## [Recorded information]
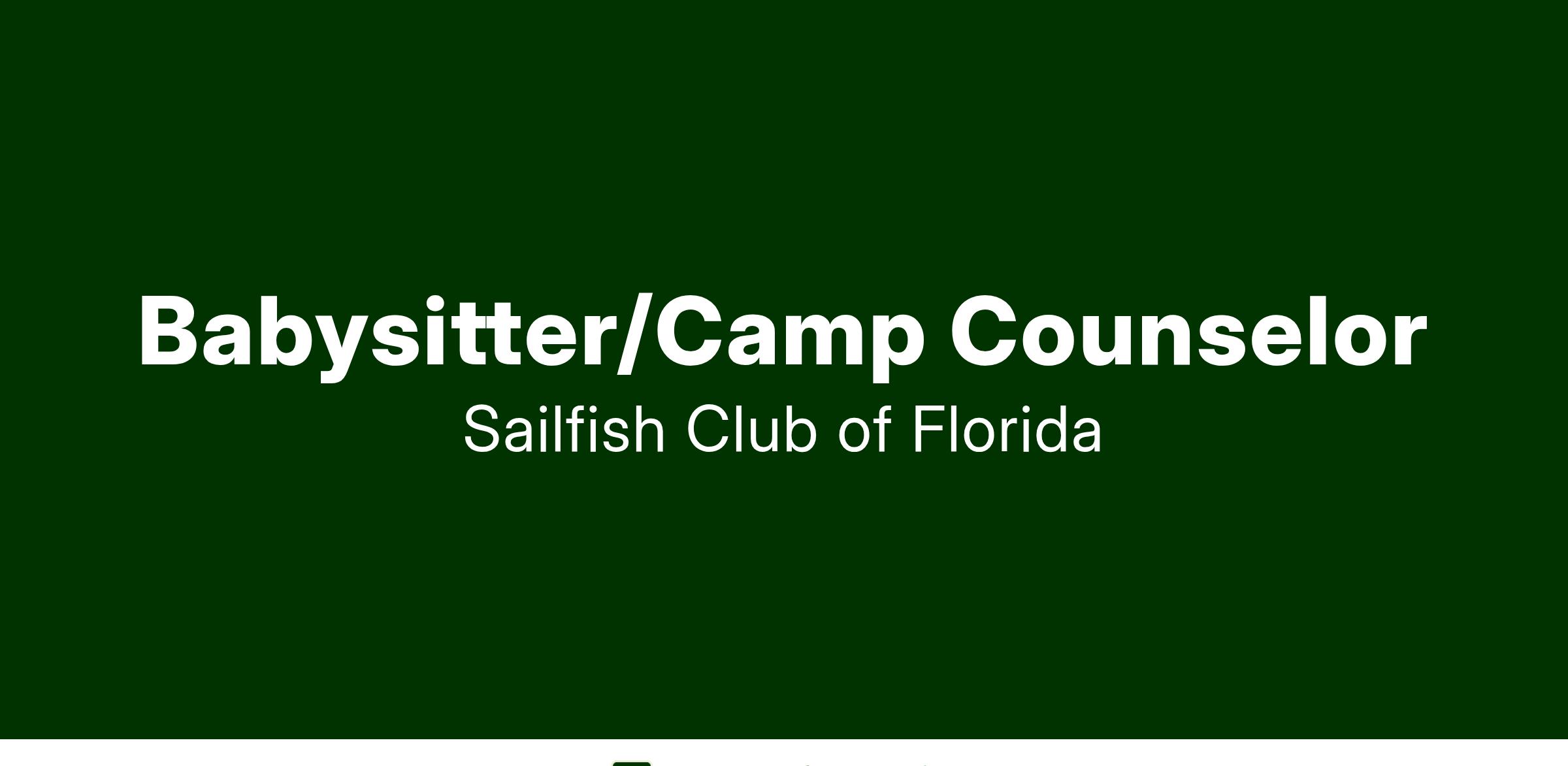 Part-time Babysitter/Camp Counselor position. Must have experience working with children in an interactive and enthusiastic capacity. Babysitting consists of supervising and engaging with Member children in our Kid's Room facilities during babysitting hours: Friday (night), Saturday (day) & Sunday (day/night). During Sailfish Club Camp weeks (Spring Break, Summer & Winter Break), Babysitters act as Camp Counselors (Monday through Friday).
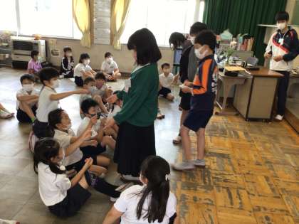 なかよし活動の様子です。6年生が各クラス様々な遊びを企画してくれました。どのクラスも楽しそうです。1年生から6年生の絆が深まりました。
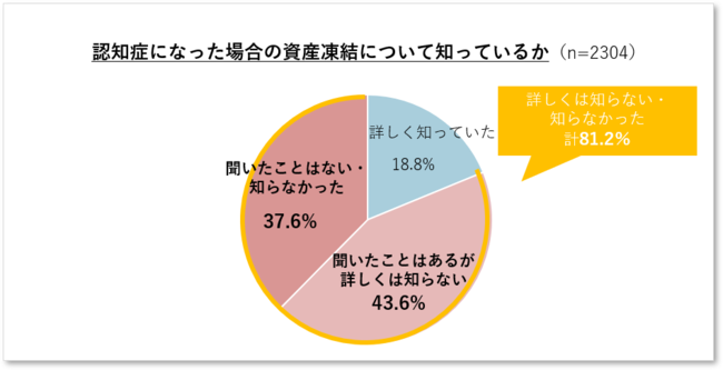 介護費用の財源は「親の資産で賄う」が約4割で最多。一方、認知症になった場合の 資産凍結については「詳しくは知らない」「知らない」が8割以上。

## [Assignment]
Would you retype all the lines shown above, exactly as written and without any picture?

## [Expected answer]
 Part-time Babysitter/Camp Counselor position. Must have experience working with children in an interactive and enthusiastic capacity. Babysitting consists of supervising and engaging with Member children in our Kid's Room facilities during babysitting hours: Friday (night), Saturday (day) & Sunday (day/night). During Sailfish Club Camp weeks (Spring Break, Summer & Winter Break), Babysitters act as Camp Counselors (Monday through Friday).
 なかよし活動の様子です。6年生が各クラス様々な遊びを企画してくれました。どのクラスも楽しそうです。1年生から6年生の絆が深まりました。
 介護費用の財源は「親の資産で賄う」が約4割で最多。一方、認知症になった場合の 資産凍結については「詳しくは知らない」「知らない」が8割以上。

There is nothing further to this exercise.